The group hopes to create 300 face shields by the weekend and will donate what they make to the Whiteriver Indian Hospital on the Fort Apache Indian Reservation.

"I'm ecstatic to help," Woolridge said, in a statement. "We are all forced to be at home, social distancing right now. It's helping to focus our energies, and to do something like this – actually making a difference to help keep our health professionals and first responders safe – we're very excited to do this."

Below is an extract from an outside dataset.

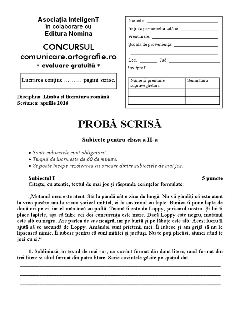 în urma recorectării lucrării comisia de. Concursul comunicare ortografie ro 2015 clasa a iv a concursul comunicare ortografie ro anul scolar 2014 2015 subiecte pentru clasa a iv a. A iii a comunicare ortografie ro 2012 subiecte si bareme cls. Gabriela maxim 23 februarie 2014.

In addition to the face shields, Woolridge and his team are also producing an H-tube, a ventilator part that would allow one ventilator to be used on four patients in an emergency situation.

"There is not an acute need for an H-connector right now, but we started the conversation because everybody in the U.S. will be hit by a shortage assuming the current state of affairs and the supply chain disruptions continue. There just aren't enough ventilators," said Bijun Kannadath, a research assistant professor in the Department of Internal Medicine at the College of Medicine-Phoenix. "We are doing in vitro testing to investigate the potential usage and see if it's a feasible alternative, but hopefully we don't need it. It is better to have it and not need it than to need it and not have it."